27 M.A. Boldetti, Osservazioni sopra i cimiteri de’ Santi Martiri e antichi Cristiani di Roma, vol. II, Roma, Presso Gio. Maria Salvioni, 1720, pag. 577.
28 A. Palmieri, Topografia statistica dello Stato Pontificio, vol. II, Roma, Dalla Tipografia Forense, 1857, pag. 68.

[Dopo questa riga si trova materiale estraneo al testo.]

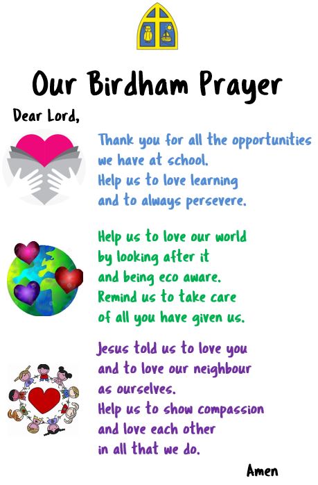 Whilst our children still recite the Lord's Prayer and the Prayer of St Richard, unsurprisingly their favourite prayer is the one that they collaboratively produced in 2023. They were sure they wanted it to be personal to Birdham, and each verse mirrors our school vision:
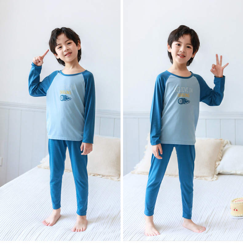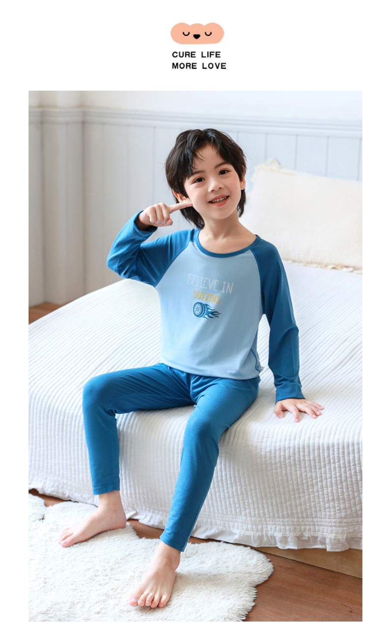모달 소년 잠옷 남학생과 나이 많은 아이들의 긴팔 빗질 면화 얇은 어린이 가정복 세트 긴 존스 클래스 A
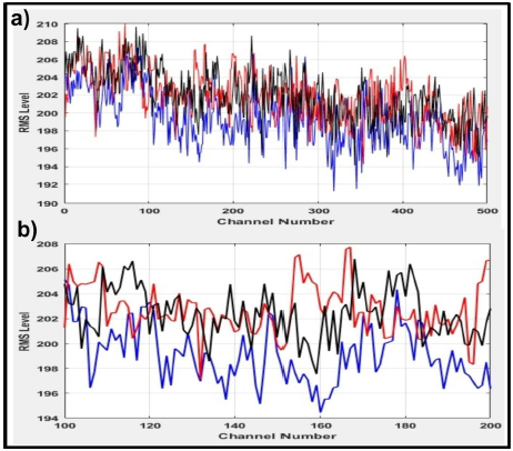 Cette métrique est souvent utilisée en traitement sismique de manière à comparer le niveau de bruit à l’intérieur d’une fenêtre temporelle. Les graphes de la figure 4.a montrent les niveaux RMS (RMS level) de la section sismique non filtrée (en rouge), insuffisamment filtrée (en noire), alors que le graphe en bleu représente le niveau RMS de la section sismique après l’application du filtre SWNA. Il est évident que le filtrage diminue le niveau RMS à cause de l’atténuation du niveau du bruit sismique présent dans la section. Un agrandissement entre les canaux 100 et 200 (Fig. 4.b) illustre d’une façon plus claire la différence entre le niveau RMS avant et après filtrage des ondes de surface.
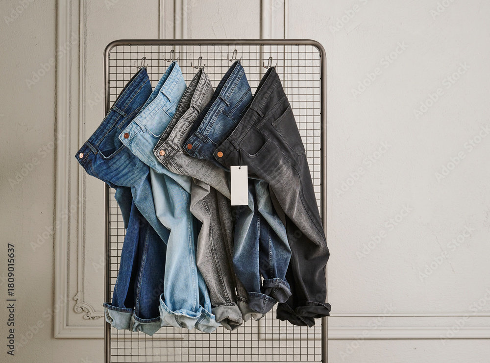 A stylish display of various washed denim jeans hanging on a metal grid rack, showcasing different textures, colors, and modern casual fashion details. #1809015637
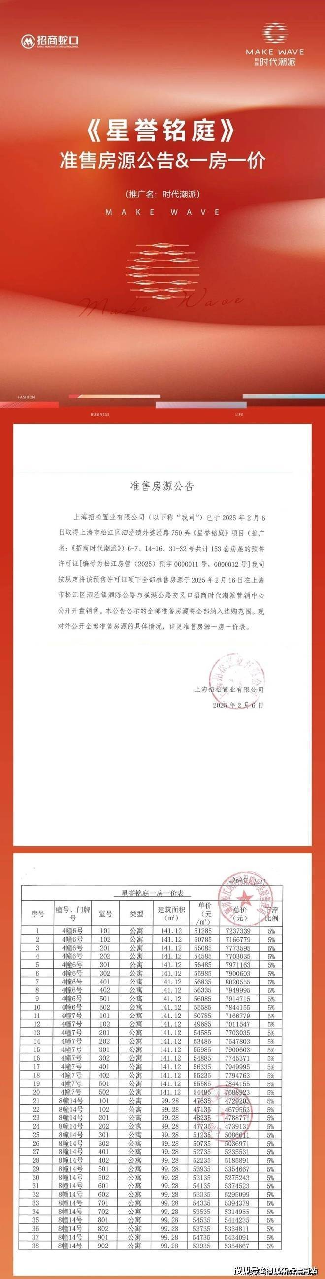 上海松江招商时代潮派售楼处电话☎:400-881-8994(预约看房热线)产品方面,【招商时代潮派】加推153套建面约99-143㎡全装修3-4房,均价52377元/㎡,2月8号认购。
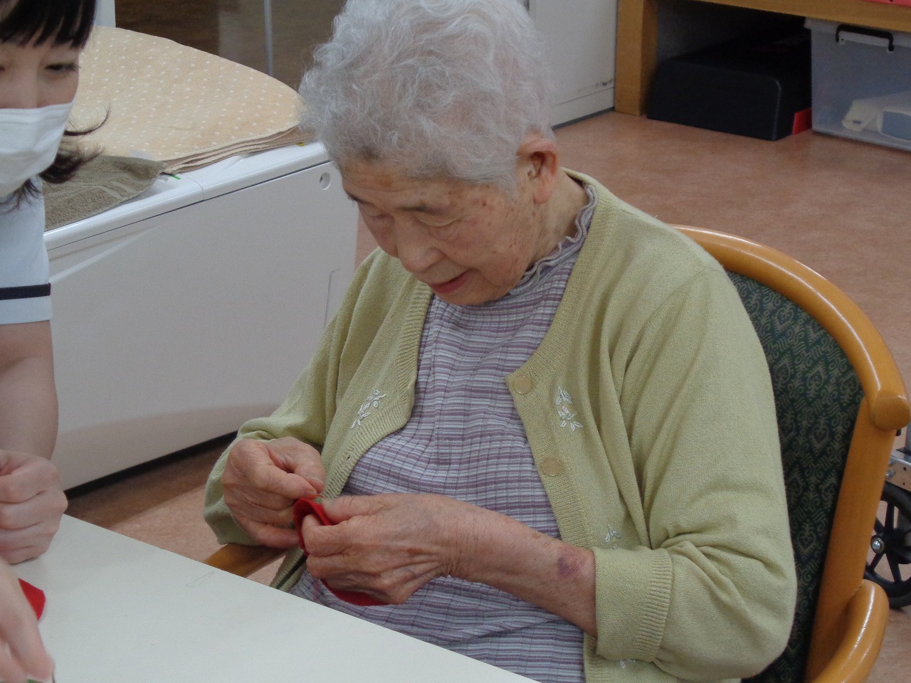 本日の手作りクラブは『フェルトのサクランボ』です。
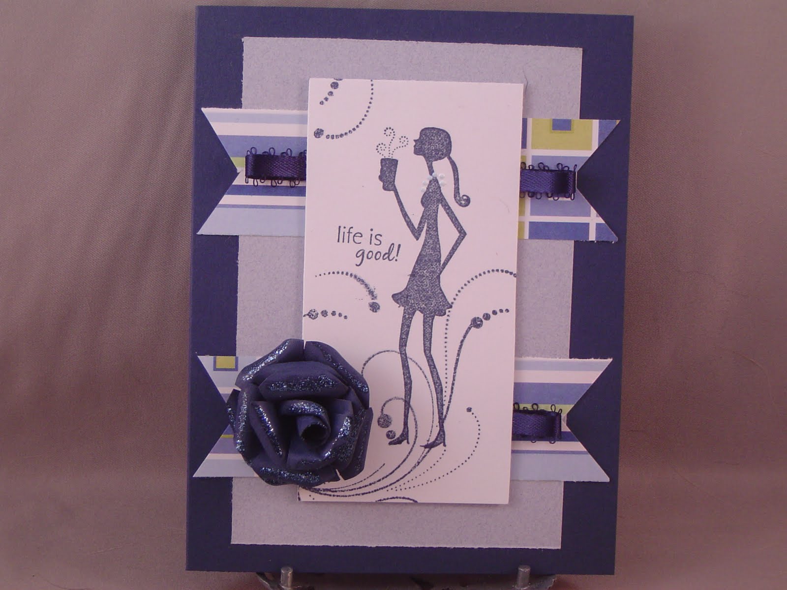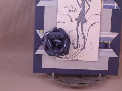 Blue was the theme of this week's Our Daily Bread Designs challenge: use blue and not just a little! I combined that with the JUGS challenge to create a 3-D flower to create this card. I also used the sketch from Sweet Stop this week. The focal image is from "She's all that" by SU! and a flourish by Inkadinkadoo. I all ready had these sets out (see my previous post) and thought they fit in with the sketch and the 3-D flower (which comes out so much better when you use a 6 petal flower instead of 5!) It might be a bit hard to see in the picture, but I added some white demensional fabric paint to the pearl necklace to give it a little something extra. The flower is gigantic--I definitely won't be mailing this!!!
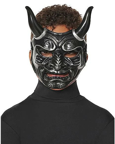 Become a powerful samurai with this kids half mask! This samurai mask features an all-black face with silver accents and an intimidating expression. An elastic band keeps this pliable mask comfortably in place.
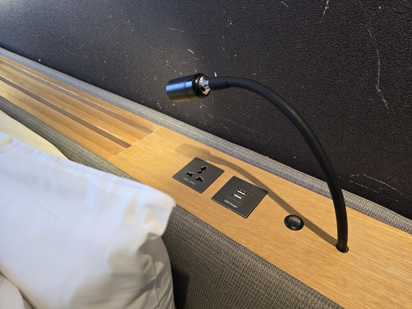 요기 충전할 수 있는 것도 있고요. 침대 옆에 무드등 겸 독서등으로 아주 잘 써먹은 등도 깔끔심플하게 마련되어 있습니다.
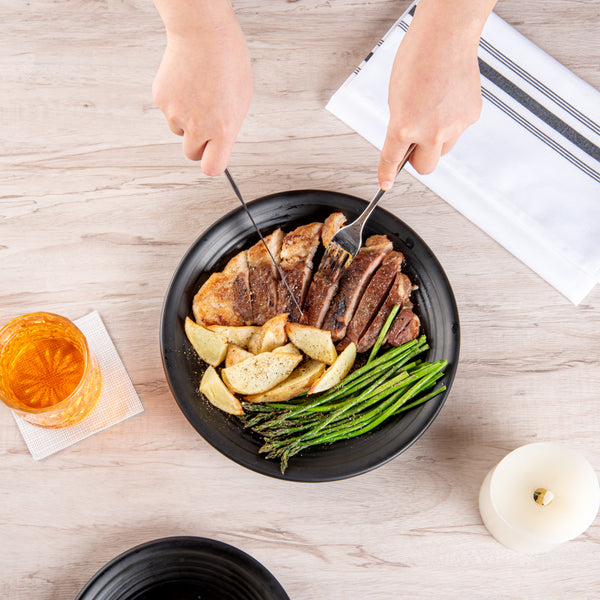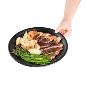 - Matte black finish effortlessly enhances the food's vibrant colors
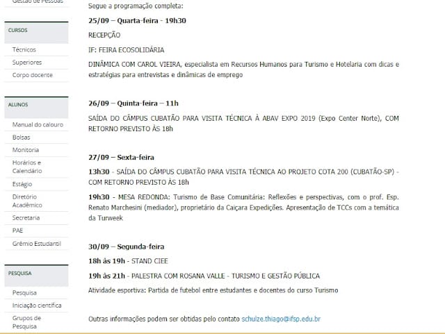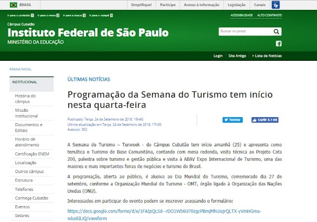 Semana do Turismo (Turweek) 2019 – Instituto Federal de São Paulo Campus Cubatão
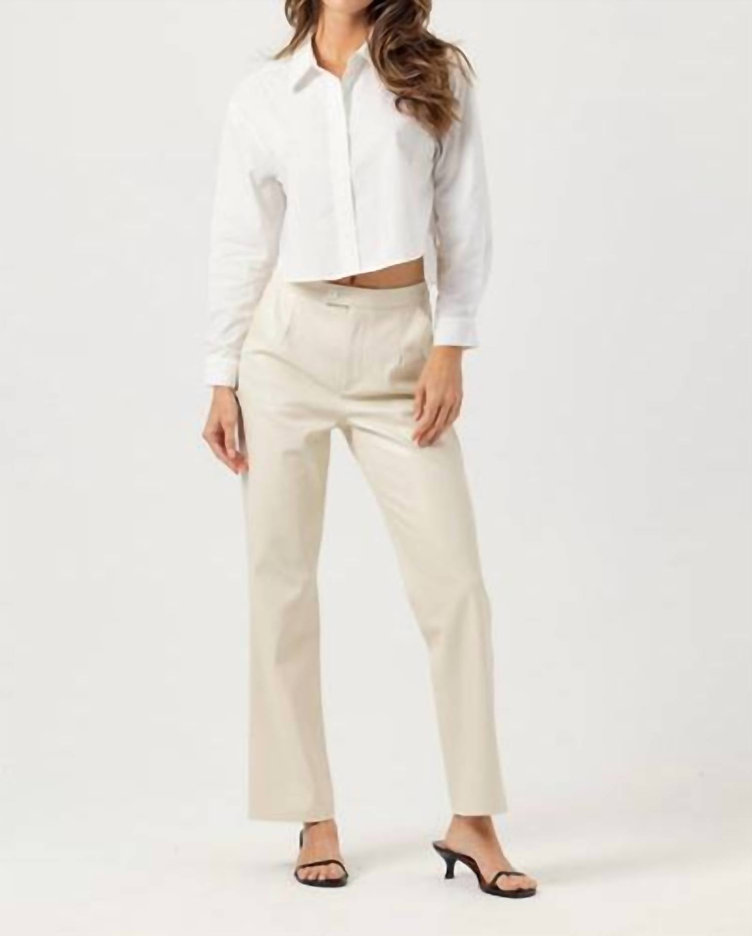 Tailored with a classic shirt collar and button front. Slightly boxy fit. Cropped length that finishes just below the belly button. An elevated pleat back detail. Machine wash cold with like colors, tumble dry low. 100% Cotton Poplin.
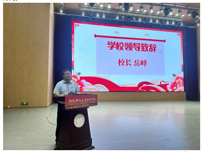 校长岳峰致辞,在对新生表示热烈欢迎后,他介绍了学校、学院的悠久历史和光辉成绩,为新同学送上祝福与嘱托。岳校⻓情真意切的致辞,⼀字⼀句饱含着对同学们的殷切期望,为同学们的成⻓之路点亮了前⾏的⽅向。
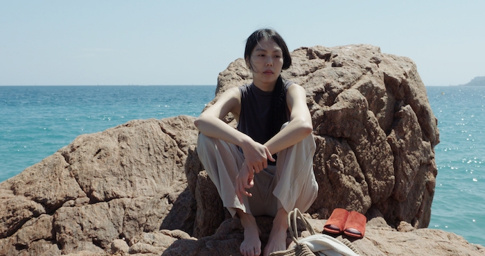 ▲金珉禧光腳坐在坎城海邊的石頭上,顯得孤獨憂傷。
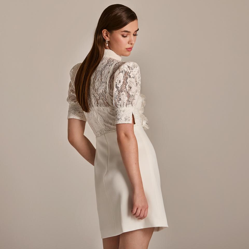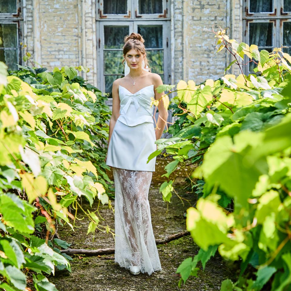 Viele Bräute kombinieren ihr Braut-Mini mit dramatischen Overskirts, abnehmbaren Schleppen oder transparenten Spitzenröcken, die einen wandelbaren Multi-Look-Effekt kreieren. Dieser Trend verbindet Eleganz mit Leichtigkeit und Spaß und bietet eine ausdrucksstarke Option, die sowohl modisch progressiv als auch perfekt für die Feier geeignet ist.
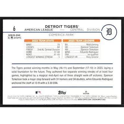 This is a 2024 Topps Detroit Tigers baseball card. The card is #6 and pictures show condition.
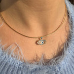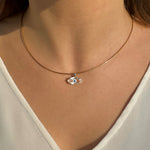 Fortuneye necklace in gold features a marquise-cut rock crystal with hand-painted eye directly onto the gemstone in hues of turquoise, black, and white enamel.
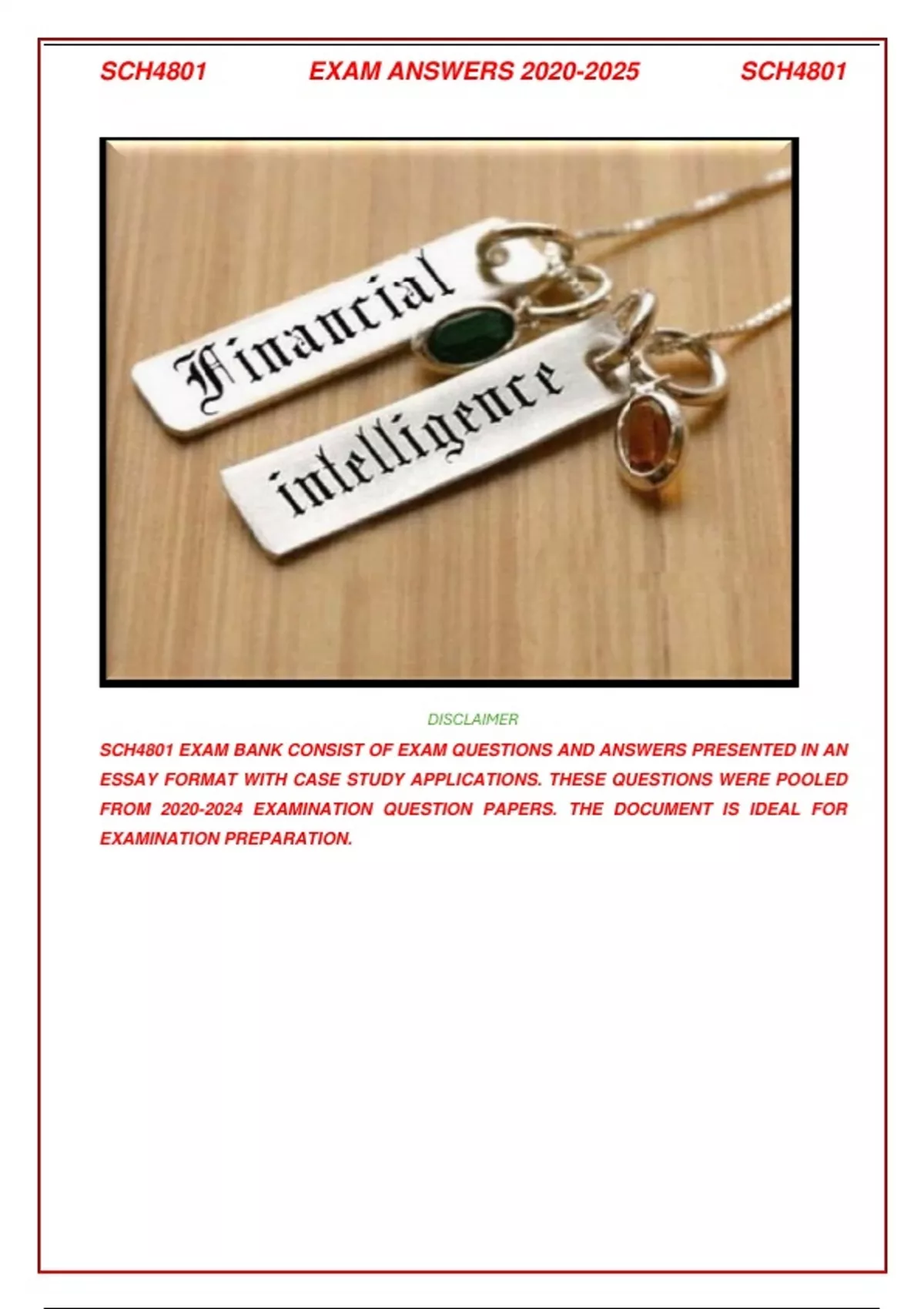 SCH4801 EXAM BANK CONSIST OF EXAM QUESTIONS AND ANSWERS PRESENTED IN AN
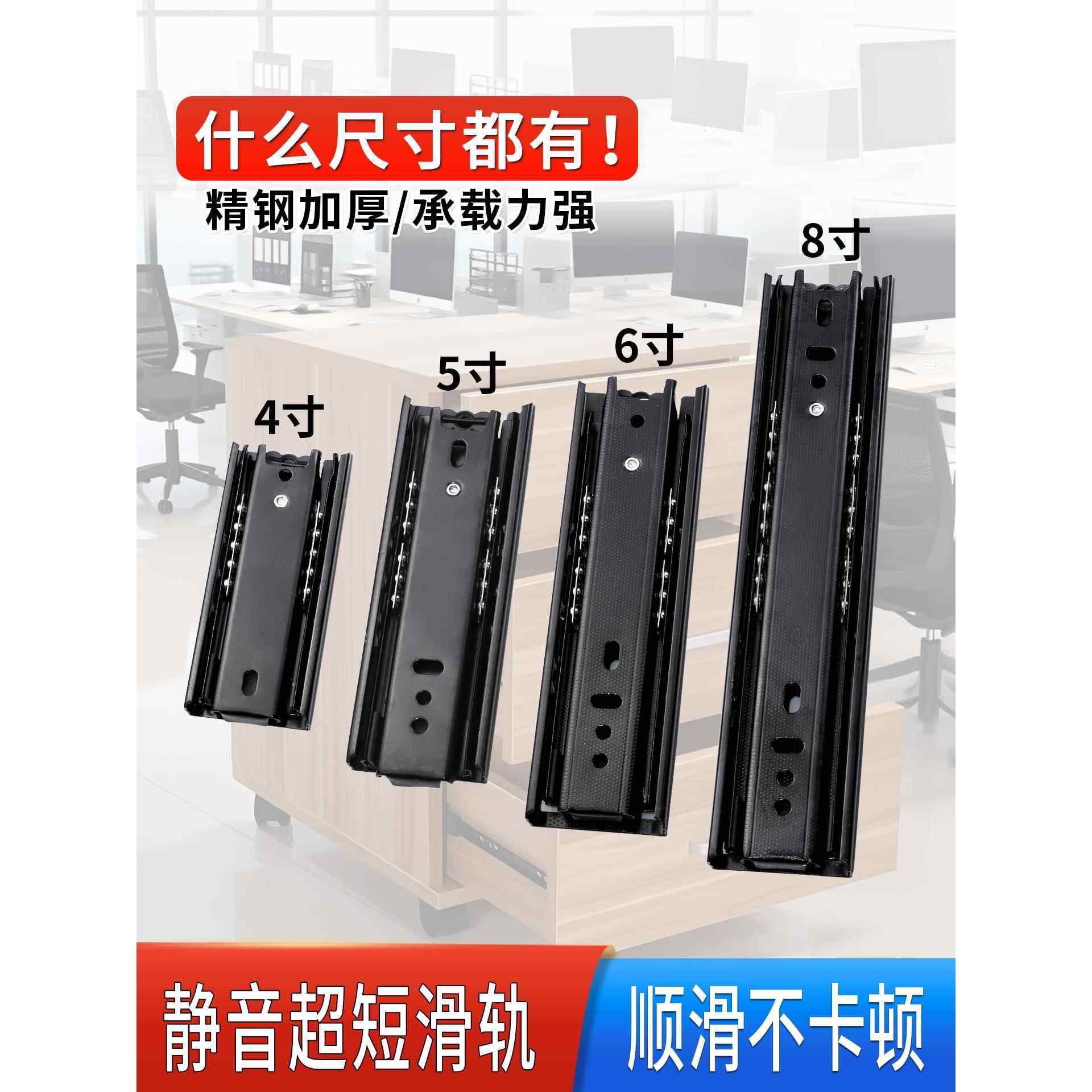超短三节滑轨静音抽屉滑道轨道4寸5-6-8寸小滑轨阻尼缓冲推拉导轨
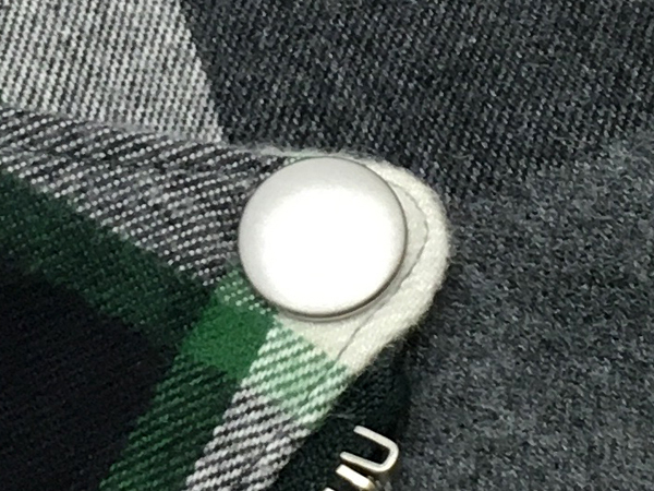 艶消しのスナップボタンも、ファスナーの雰囲気に合わせて別注。
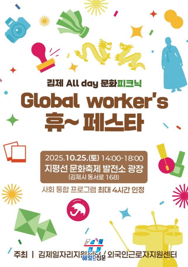 ½Ã´Â ¿À´Â 25ÀÏ ¿ÀÈÄ 2½ÃºÎÅÍ 6½Ã±îÁö ¿äÃ̵¿¿¡ À§Ä¡ÇÑ ÁöÆò¼±¹®ÈÃàÁ¦¹ßÀü¼Ò ±¤Àå(±èÁ¦½Ã µ¿¼·Î 168)¿¡¼ ¿Ü±¹ÀαٷÎÀÚ¿Í ½Ã¹ÎÀÌ ÇÔ²² ¾î¿ï¸®´Â ¹®È±³·ù ÇѸ¶´ç ¡°±èÁ¦ All day ¹®ÈÇÇÅ©´Ð – Global worker¡¯s ÈÞ~Æä½ºÅ¸¡±¸¦ °³ÃÖÇÑ´Ù°í ¹àÇû´Ù.
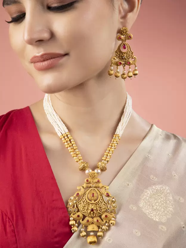 Brass Gold-plated Gold Jewel Set (Pack of 1)

dei Franchi, cui Paolo I lo aveva nel frattempo concesso, lo diede al monastero romano di San Silvestro in capite. Restaurato da Alberico principe dei Romani nel 946, passò agli inizi del XIV secolo al monastero di San Paolo, insieme a Sant’Andrea
in flumine. A partire dal 1548 i Benedettini furono sostituiti da altri ordini religiosi,
fino al definitivo abbandono nel corso dell’Ottocento. Già in epoca post- rinascimentale danneggiamenti al monastero avevano prodotto la fioritura di quello, posto ad una quota più bassa e più spostato a sud, di Santa Maria delle Grazie, mentre decadevano anche gli eremi, tutti ricompresi nell’odierna Riserva Naturale del Monte Soratte, di San Sebastiano, Sant’Antonio, Santa Lucia e Santa Romana, le cui tracce narrano ancora di una fede antica, silente e profonda, fondata sulla “vera roccia”. Proseguendo sulla Flaminia invece si interseca subito appresso, su livelli sfalsati, la strada ferrata per poi attestarsi a ponente di questa, passando sotto un ponte con arco di mattoni, con muri di imposta in tufelli, eretto nella prima metà del Novecento. Si inaugura così un altro tratto di buona strada, che dura circa 1,85 km mantenendo la sua traiettoria a nord-ovest, con andamento piuttosto lineare, eccezione fatta per la curva a destra presso il km 43/III, con cui volge più marcatamente verso tramontana29. La presenza ricorrente della vegetazione ai lati della carreggiata poco lascia intuire la bellezza di queste campagne, che si scoprono però allo sguardo giusto 300 m innanzi, all’Osteria di Stabia, nel Comune di Faleria30: «in un piano con vicini fossi in temperato clima, ove spirano i venti sud e ovest, e ben di rado vi si suscitano tempeste, giace questa Comune nel Governo e Docesi di Civita Castellana. […] Il paese è cinto di mura e di Fortini, e fu molto tempo della famiglia Anguillara che uccise un Drago di smisurata figura: l’ebbe poi il Principe Borghese»31. Tipologicamnte simile a quella di Castelnuovo, detta osteria è disposta sul lato destro della via, anticipata da un delizioso campo arborato. A tergo, colline levigate le si frappongono al Soratte, mentre poco più avanti sul lato opposto sussiste, a dire il vero piuttosto malconcio, lo stabile della chiesa di Santa Maria delle Grazie. Abbandonata a se stessa, cede inesorabilmente sotto i segni del tempo, ma con composta dignità32.